Question

The enzyme aldolase catalyzes the following reaction:

Fructose 1,6-bisphosphate ↔ dihydroxyacetone phosphate + glyceraldehyde 3-phosphate For this reaction, ΔGº′ =+23.8 kJ/mol (+ 5.7 kcal/mol).
a. Calculate the change in free energy ΔG for this reaction under typical intracellular conditions using the following concentrations: fructose 1,6-bisphosphate, 0.15 mM; dihydroxyacetone phosphate, 4.3 X 10−6 M; and glyceraldehyde 3-phosphate, 9.6 10−5 M. Assume that the temperature is 25ºC.
b.
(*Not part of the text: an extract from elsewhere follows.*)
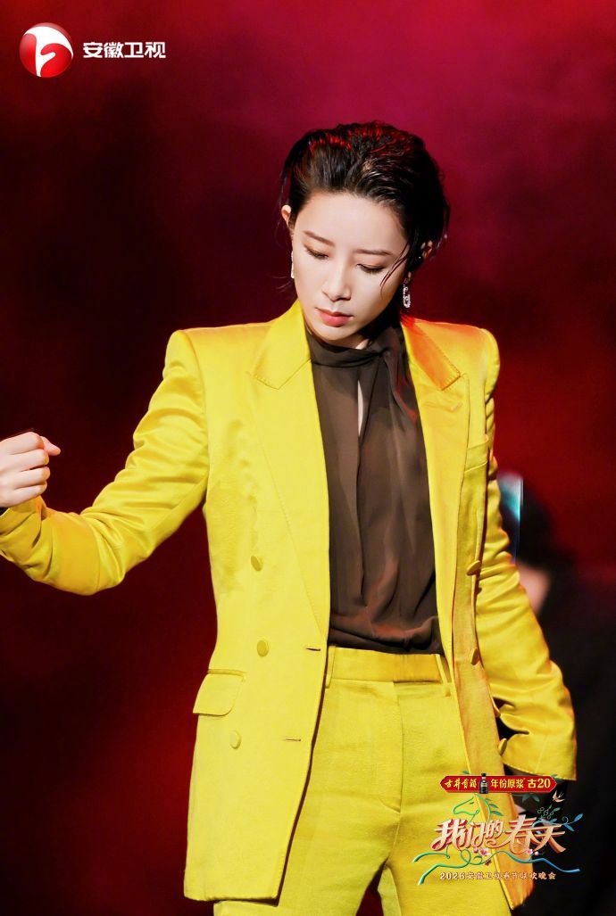 李斯丹妮扛住了荧光黄李斯丹妮好强的驾驭能力!荧光黄色的西装在她身上毫不突兀,反而

Explain why the aldolase reaction occurs in cells in the direction written despite the fact that it has a positive free-energy change under standard conditions.

Answer 1

The reactions involved were:-

Step-by-step explanation:

a) Fructose 1,6-bisphosphate ↔ dihydroxyacetone phosphate + glyceraldehyde 3-phosphate dG° = 23.8 kJ/mol

Apply to the:-

dG = dG° + RT*ln(Q)

Replace known values, R = 8.31 J / molK, T = 25 ° C = 298 K

Q = [dihydroxyacetone phosphate][glyceraldehyde 3-phosphate] /[Fructose 1,6-bisphosphate]

Q = (4.3*10^-6)(9.6*10^-5) / (0.15*10^-3) = 0.000002752

Replace it:-

dG = dG° + RT*ln(Q)

dG = 23800 + 8.314*298 * ln(0.000002752)

dG = -7920.8068 J/mol = -7.92 kJ/mol

(b) It was negative, so this is preferred inside a cell, and not outside it!